Поначалу их особо не слушали — ребячьи истории, ребячья болтовня.

И все же что-то в истории с дебилом не давало людям покоя. Очень уж это выпадало за рамки общепринятого, за рамки всей и всяческой благопристойности. Отзывало чем-то до странности постыдным и отвратительным. Как эта девчонка решилась завести шашни со слабоумным?
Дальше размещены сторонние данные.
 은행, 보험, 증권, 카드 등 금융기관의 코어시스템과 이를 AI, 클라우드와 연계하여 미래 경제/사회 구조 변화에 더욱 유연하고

Потом народ припомнил, что девчонке как-никак тринадцать годов, рослая для своих лет, тоненькая, конечно, и худая, но уже вполне сформировавшаяся. Вдобавок ребятишки доносили и про то, что вроде бы видали кой-чего у моря — может, ничего там и не было, а, с другой стороны, может, и было. Короче говоря, вся округа пришла прямо-таки в неистовство.

Надо ее проучить. И Товита, зазнайку, тоже — чтоб навек запомнил.
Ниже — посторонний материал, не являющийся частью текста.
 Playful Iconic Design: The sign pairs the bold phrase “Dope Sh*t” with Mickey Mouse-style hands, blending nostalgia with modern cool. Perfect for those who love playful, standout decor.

А то важничает — я ль, не я ль. Мнит о себе незнамо как.

Девчонку, что связалась со слабоумным, надо проучить. Округа бурлила — только и разговору что о том, как это дело устроить, кто будет свидетелем, кто потолкует с отцом. Но пока раздумывали да рассуждали, времени прошло много — никто не горел желанием идти к Товиту, все его побаивались, и то сказать, черты лица у него слишком резкие, глаза слишком голубые и голос тоже слишком резкий — острый как нож, в общем, никто желанием не горел. К тому же, как показал допрос с пристрастием, ребятишек, которые, может, и видали что, а может, и нет, — таких ребятишек отыскалось немного, точнее, всего один мальчонка, и от роду бедняге было восемь лет; призванный к ответу, он тотчас ударился в рев и вконец заврался — нешто этакий свидетель докажет Товиту, что главная его жизненная гордость на самом деле с гнильцой, вроде как грязная тинистая яма. (Вся в мать, говорили в народе).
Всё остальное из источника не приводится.